My brain is glitching. Sometimes I cannot speak the correct words. Sometimes I spend a lot of time on google, looking for a word when I type. They are not complex words. I might not remember what the room with the stove and refrigerator is called.
My body is glitching. Systems are slipping. This is the first chemo cycle that I have entered with a blood circumstance marked “Low” on the labs. All other cycles, they have been normal on Day 1. The tests are done the day before. The body has had two weeks to process the last cycle and “recover”.
Systems are slipping. Dry, cracked skin, lips, feet, private parts, ostomy parts. Bladder infection. Ostomy hernia pain. Sinus issues.
I get it now. I was definitely surprised at first, when it was “easy.” But now I understand the movies, the way chemotherapy is portrayed. They are picturing the end parts, either the death part, or the end of the set of cycles part. They are teaching us empathy for the worst, for the time when others are needed most, or have no chance to be close (because the person just has nothing left).
When I described my symptoms at the Cycle 10 appointment, I honestly thought that I wouldn’t be doing Chemotherapy that day.

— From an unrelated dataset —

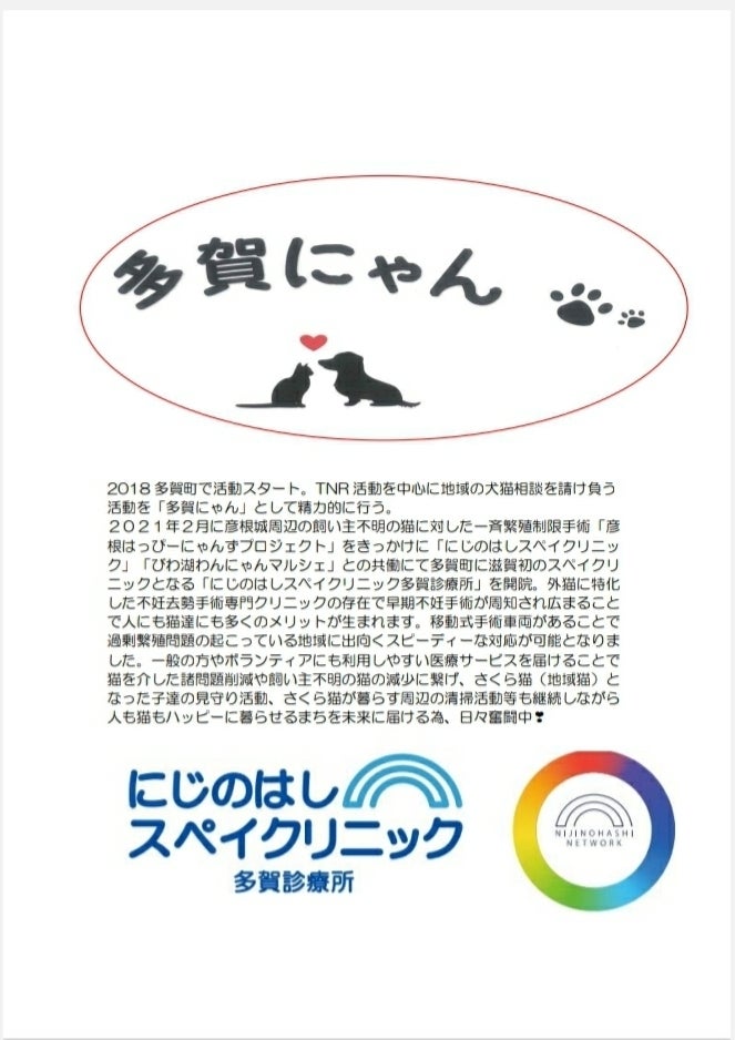 長らく活動報告が滞っており申し訳ございません。各自其々の活動でバタバタの日々は相変わらずの8月でした。月末の多賀診療所開院では二日間で41頭のハッピーにゃんずが新たな猫生を踏み出しました。開院以来一年で、合計で558頭のハッピーにゃんずを滋賀県各地に送ってきた事になります。しかしながらまだまだ私達に過剰繁殖の声は届きつづけています。そろそろ昨年の県動物行政の収容記録等が公表されるはずです。私達の活動は少しでも数字に現れているのだろうか?少しでも改善に繋がる活動とできたのか評価せねばなりません。

Too many symptoms, too much break down, no week of balance in Cycle 9.
But I did not understand that this is “normal.” The further we go, the tougher it gets. The “quality versus quantity” equation is tested. Quality is observation. It was a week of harder, and a week of easier, and now there is no respite. Can consciousness bring awareness away from the deepest hardships? Do I have the ability to override the pain, to manage it with my mind and spirit? Can I forgive myself for crashing, for crying, for experiencing the depths of this process? Can I just be with it, flow with it?

The chemotherapy is not a cure, but a postponement. In the ANRP appointment, she implied that I would go directly into the next cycle. I haven’t seen Dr. Wilfong for a while. He doesn’t work on Tuesday, the day of my infusions. I just noticed that they have automatically scheduled a session 13, 14, and 15.

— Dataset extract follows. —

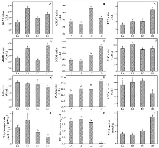 Physiological response of N. flagelliforme to persistent drought stress. Subfigures (A–I) show the activity of enzymes related to lipid metabolism in N. flagelliforme under drought stress. In addition, subfigures (J,K) represent net photosynthesis and photosystem II fluorescence parameters of N. flagelliforme during drought stress, respectively. Subfigure (L) displays the MDA content in N. flagelliforme during drought stress. LA, LB, LC, and LD represent samples with 0%, 30%, 75%, and 100% water loss, respectively. Values were presented as the means ± SE (n = 3). The different letters above the bars indicate that the means were significantly different (p < 0.05).

I did not agree to this. I did say to Nyasha that I thought I might be able to do a couple more, if the advantage was tremendous. But no one has spoken to me about any of it. And my body is pretty down, with this one to finish (I am hooked to the at home pump until tomorrow), and then process. And then another. Where will I be?

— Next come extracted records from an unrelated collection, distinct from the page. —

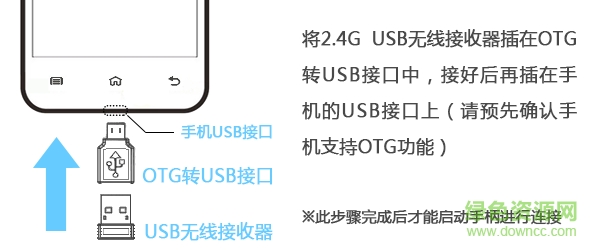 A、將2.4GUSB無線接收器和OTG轉(zhuǎn)USB接口連接上,然后將OTG轉(zhuǎn)換接口的另一端和手機(jī)的USB接口連接(可根據(jù)自己設(shè)備的USB接口大小的情況選擇是否使用OTG轉(zhuǎn)換接口,前提是設(shè)備必須支持OTG功能);
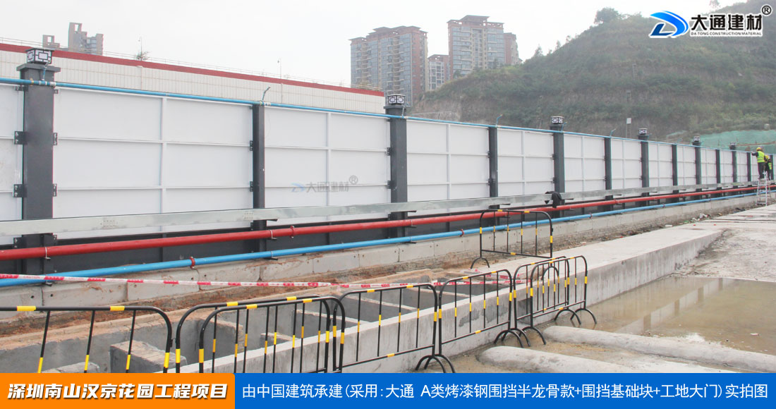 建設工程施工工地四周應按規定設置連續、密閉的鋼結構施工圍擋,建造多層、高層建筑的還應設置安全防護設施。在市區主要路段和市容景觀道路及市場、機場、碼頭、車站廣場等人流量、車流量比較多的地方設置的施工圍擋的高度不得低于2.5m,在其它路段設置的圍擋的高度不得低于1.8m。而深圳市大通建材A類鋼圍擋烤漆半/無龍骨款的標準高度是2.5米、長度為6.3米一擋,而圍擋高度特殊需求的如3//4//5/6/米等高度的可以進行定制化生產。
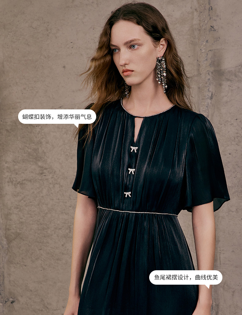 EITIE爱特爱夏季新品高腰修身优雅荷叶袖连衣裙7407115

When I was in labor with Nyasha, I told myself I could survive 24 hours. Babies are born in 24 hours (I thought), in fact that is a generous number. When we came to 23 1/2, I was doing a lot of desperate praying. It is likely that “transition” does that to most women. Nyasha was born at 23 hours, 45 minutes of labor, which when I think of reality, means the birthing process took the full 24. Did I create that? Poor manifestation. Go for 12. Not too short, stressing the body, but certainly long enough.
I’m in chemo labor. Twelve cycles. I have set myself up to make it through 12. I scheduled a trip to the ocean, a week and a half after infusion 12. To heal, to regroup. It is not flexible or refundable. It isn’t even optional.
“I am health.” I go out and garden. I take walks, shop, do the laundry, clean, live the normal stuff.
“I am joy.” I laugh, read, write, smile, share, inspire and am inspired.
“I am emergence.” I can watch my experiences, process, consider my body in separation and in communion with God. I am the eye of the storm. I am grateful.